Photonics for Radars Operating on Multiple Coherent Bands

The introduction of photonics in microwave systems is setting new paradigms in radar architectures, providing new features potentially improving the surveillance effectiveness. In particular, photonics is enabling a new generation of the multiband radars able to manage multiple coherent radar signals at different frequencies simultaneously, with high and frequency-independent quality, enabling multispectral imaging for advanced surveillance systems.
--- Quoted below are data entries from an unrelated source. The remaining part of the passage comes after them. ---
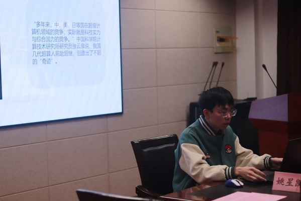 随后,麻豆视频 研究生八支部党员姚星凯分享了《科技报国 中国超算》的主题报告。他从超级计算机的发展历程、关键节点、高速发展与多元应用等方面进行了详细介绍。他提到了“十三五”国家重点研发计划设立的“高性能计算”重点专项,以及“神威·太湖之光”超级计算机的研制过程。中国超级计算机的崛起不仅改变了技术格局,更开启了科学创新的新纪元。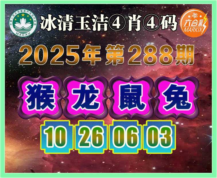 288期:【冰清玉洁】 🎪④肖④码🎪【猴龙鼠兔】【10.26.06.03】开:龙14准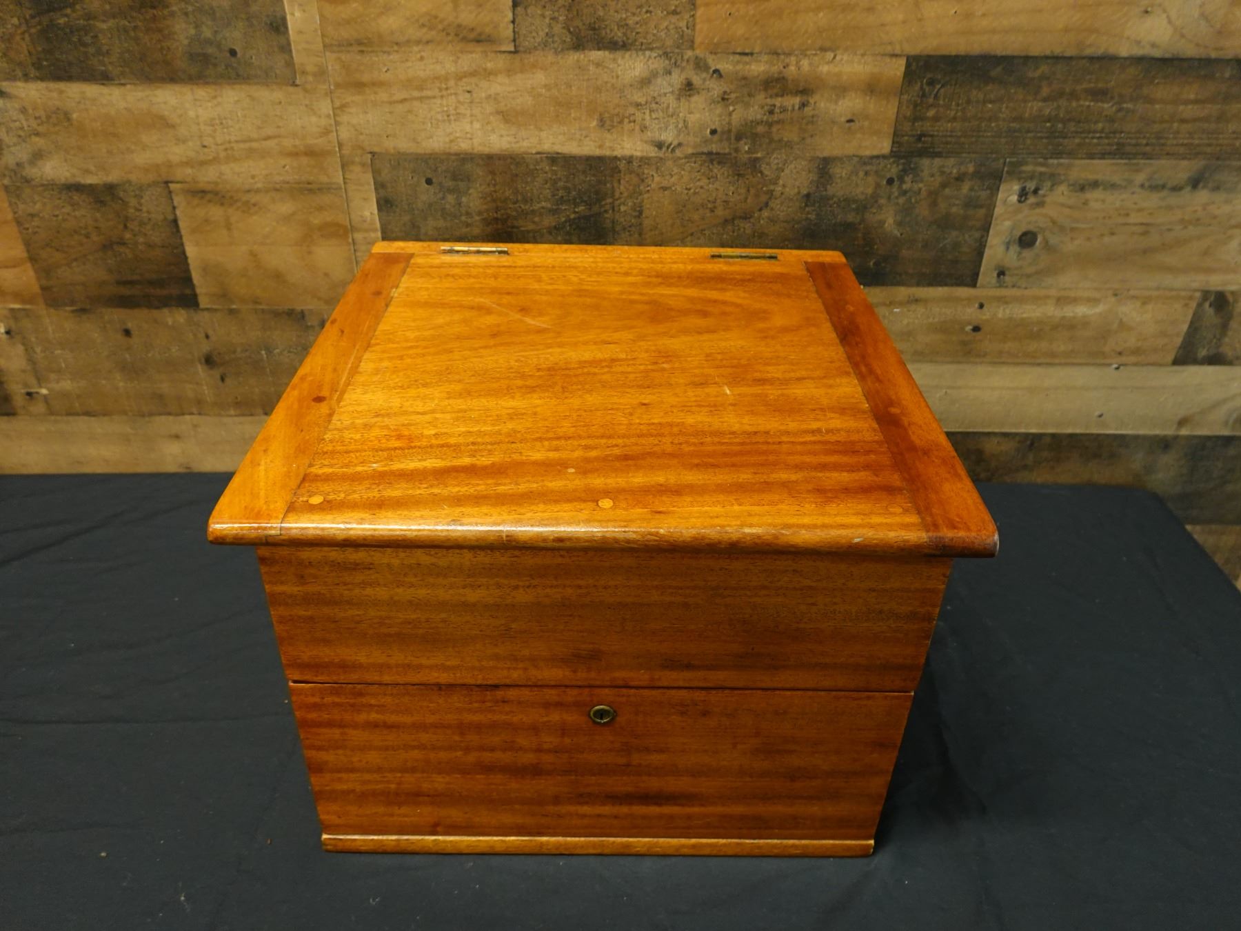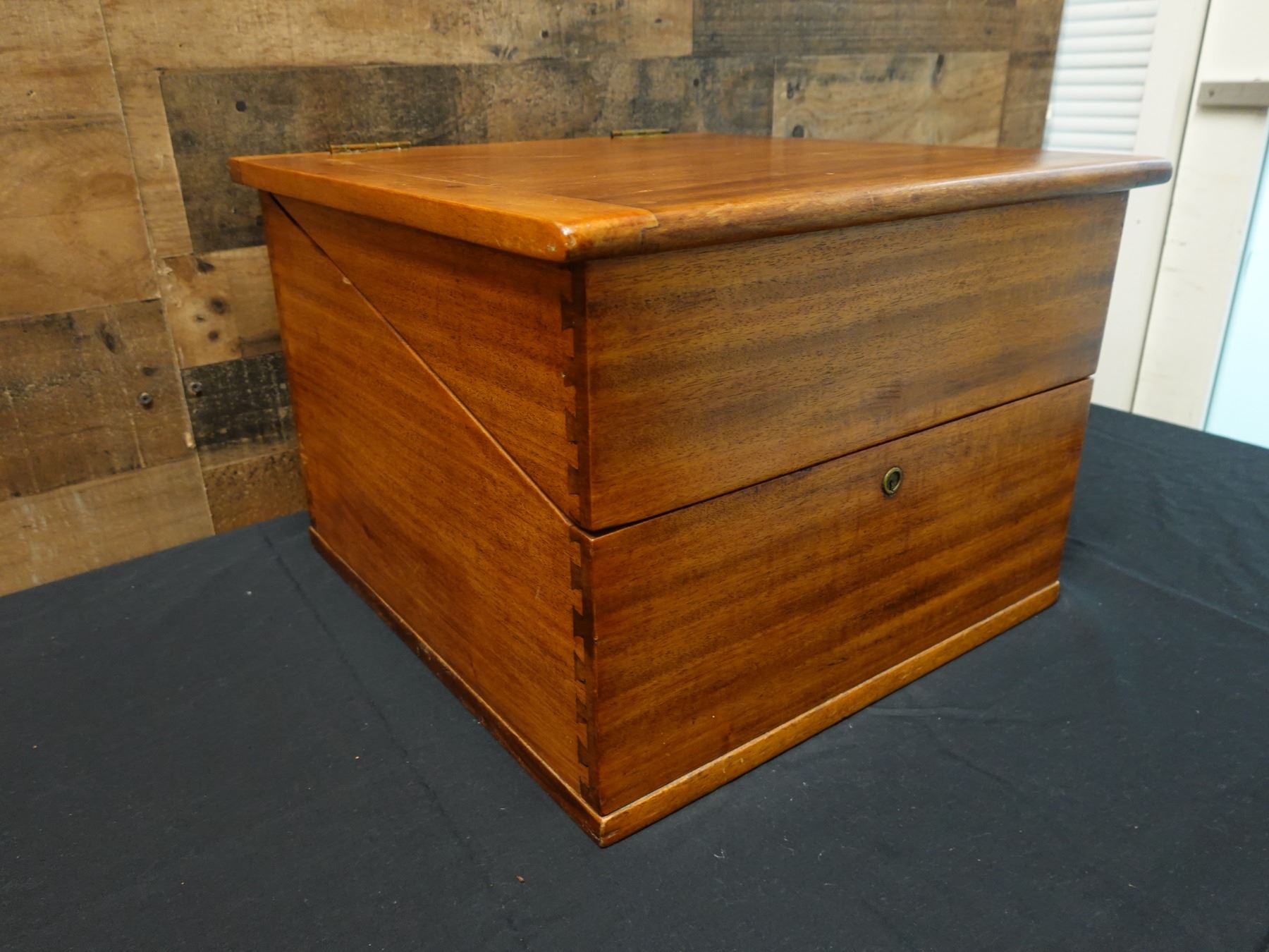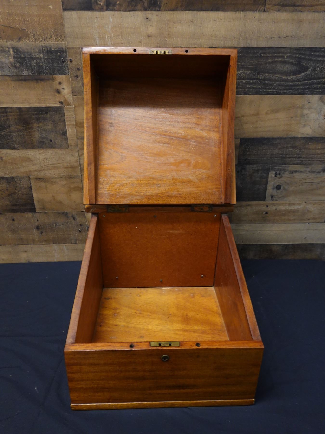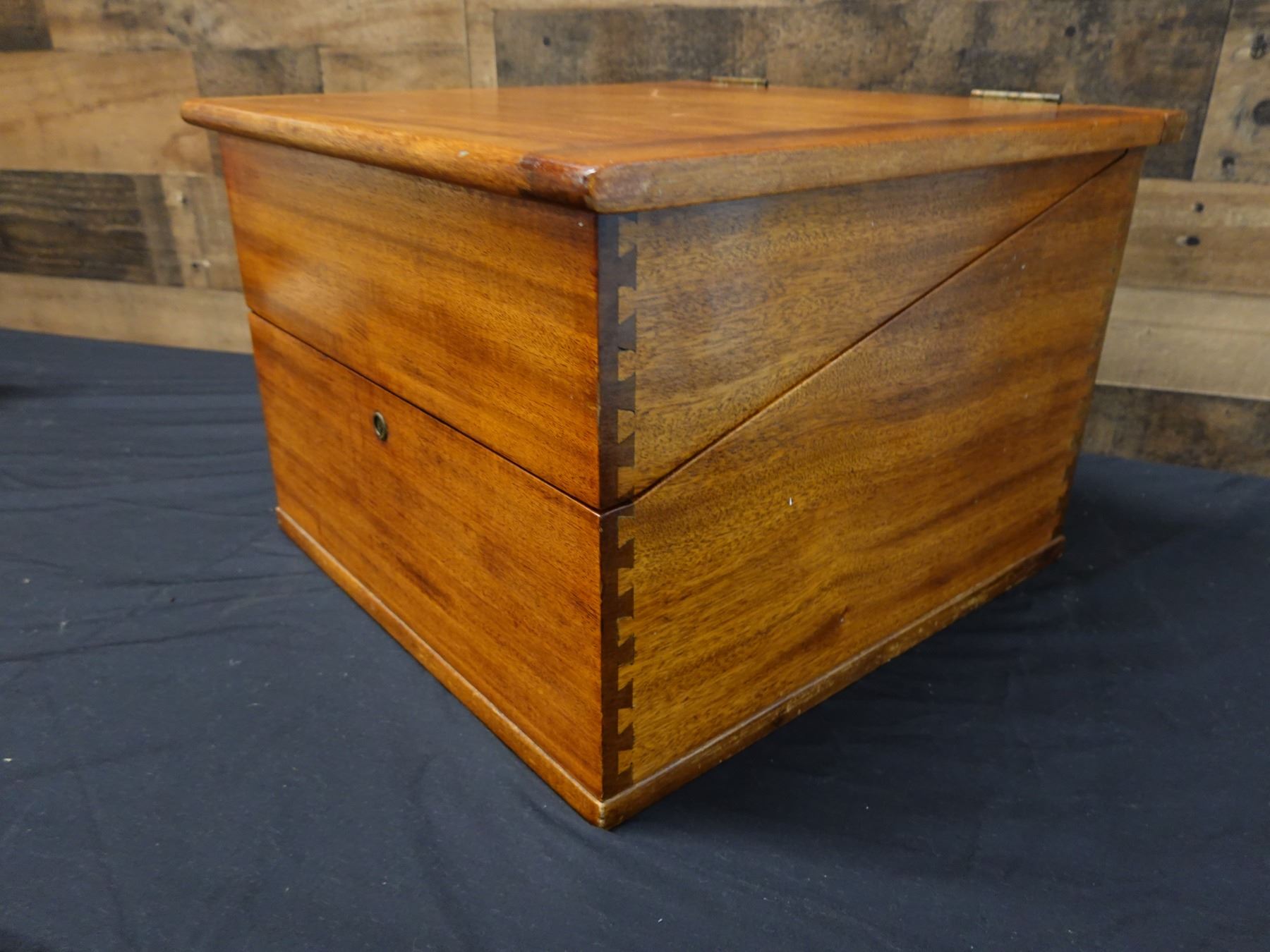Seller reports this interesting box was supposedly meant to house a large ship's compass. The wood is luminous and finely joined.

In fact, thanks to its high stability and huge bandwidth, photonics matches the urgent requirements of the performance and flexibility of the next-generation software-defined radar architectures, and it guarantees system compactness, thanks to the use of a single shared transceiver for multiband operations and to the potentials for photonic integration, which also promises reduced power consumption. In this paper, we present the first field trial, in a maritime scenario, of a fully coherent multiband radar enabled by the use of photonics. The paper reviews the basic concepts exploited for the photonic generation and the detection of the radar signals, and describes the extension to the multiband operation. We present details on the implementation and testing of a dual-band coherent radar system, discussing the potentials for a software-defined radio approach. Moreover, the results obtained after a simple digital data fusion are discussed, highlighting the capability of the coherent photonics-based multiband radars in exploiting the extended observation bandwidth for improving the system detection resolution with minimum computational costs.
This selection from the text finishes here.